Perusal of Nobel prize winners, their organizations, and their inventions will show that many of the inventors and inventions are obscure. They have bragging rights, especially academically. Most of the credited organizations are universities or other research institutions. Few Nobel-bestowed entities are corporations concerned with making and selling the inventive products.

In contrast, patents, though sometimes speculative, can become valuable currency in business. Thomas Edison, among others, changed the world with his patented inventions.

If you’re in business, that is, to make a profit, it is by no means clear that you would choose a Nobel prize over an industry-dominating patent.

Here is a closing thought regarding Nobel-versus-patent. One does not apply for a Nobel prize; the Swedish Academy will find you. In contrast, the only way to get a patent is to apply for one.
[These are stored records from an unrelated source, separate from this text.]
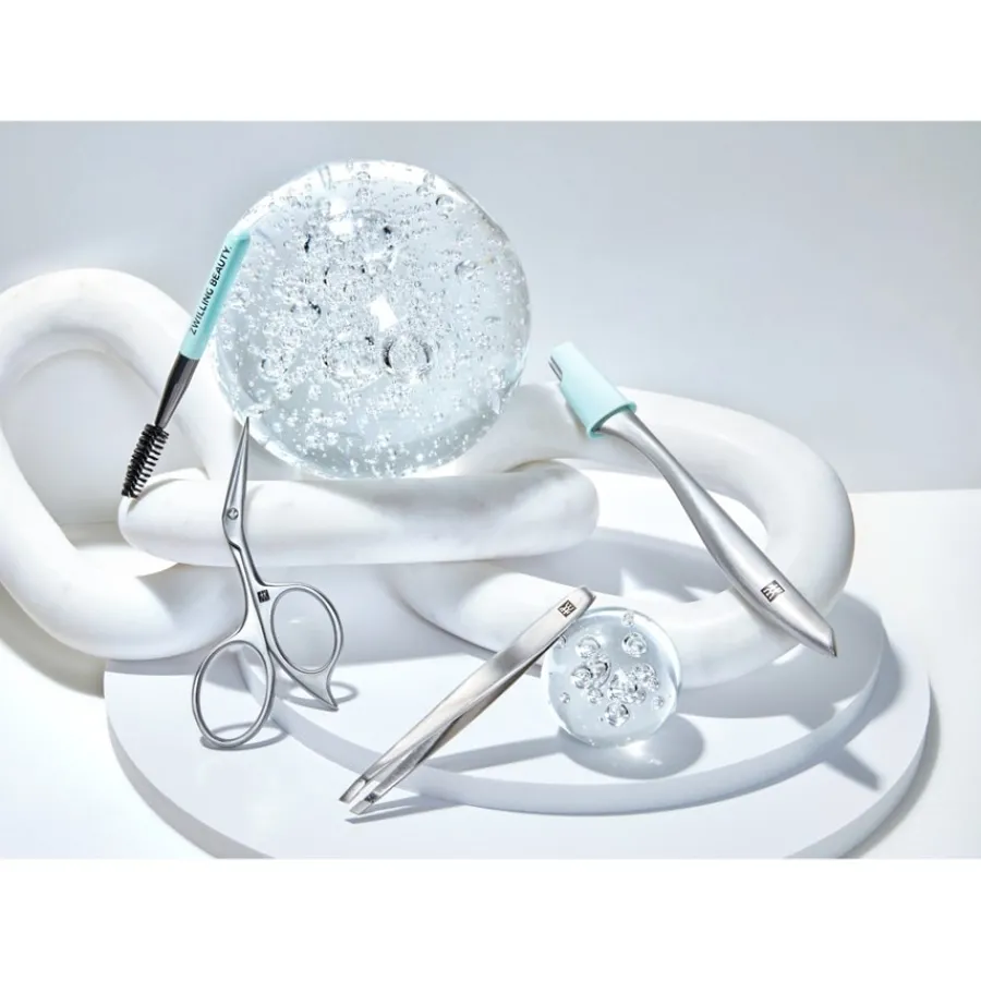 Die Premium Augenbrauenschere ist ideal zum präzisen Kürzen und Formen der Augenbrauenhaare. Das abgewinkelte Design der Schere und die verlängerten Scherenaugen ermöglichen eine sichere Handhabung in der Nähe des Auges. Mit den hauchdünnen Klingen können die Augenbrauen exakt und gleichmäßig in die gewünschte Form gebracht werden. Um optimale Ergebnisse zu erzielen, kämmen Sie die Augenbrauen zuerst in die gewünschte Form und schneiden dann vorsichtig einzelne Haare, die zu lang sind.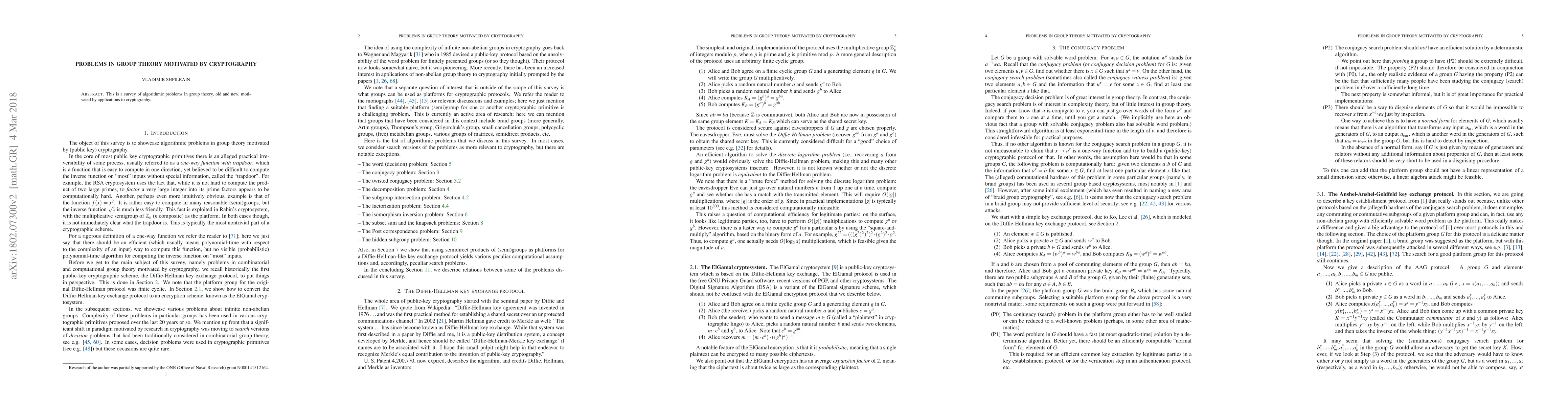 This paper surveys algorithmic problems in group theory motivated by applications to cryptography, focusing on key findings related to cryptographic challenges such as Diffie-Hellman key exchange and discrete logarithms.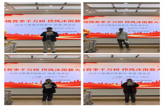随后,退休教师也充分表达了对学院的感激和对学校的留恋之情。他们为青年教师们分享了工作经验,表达了对学院、对学校未来的期望和祝福。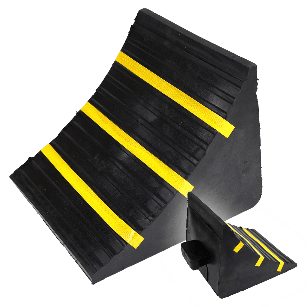 Deze extra zware rubberen wielstopper is ontworpen voor vrachtwagens en andere grote voertuigen. Met zijn hoge vorm, opvallende geel-zwarte kleur en een gewicht van 12 kg is deze stopper ideaal voor het blokkeren van wielen tijdens het laden, lossen of parkeren. Te bestellen per 2 stuks.

The surest way not to get a patent is to fail to apply for one. Click here to see my video, Why your patent may not issue. Two examples: (1) Atanasoff and Iowa State failed to apply for patent on the first digital electronic computer and (2) Jonas Salk did not apply for patent because his organization thought the polio vaccine was unpatentable.

In sum, when you and your company make improvements to meet customer needs, be like Alfred Nobel. File patent applications, and then make and sell the improved products for revenues and profits. As for the Nobel prize, no application is necessary, so let that phone call come when it may.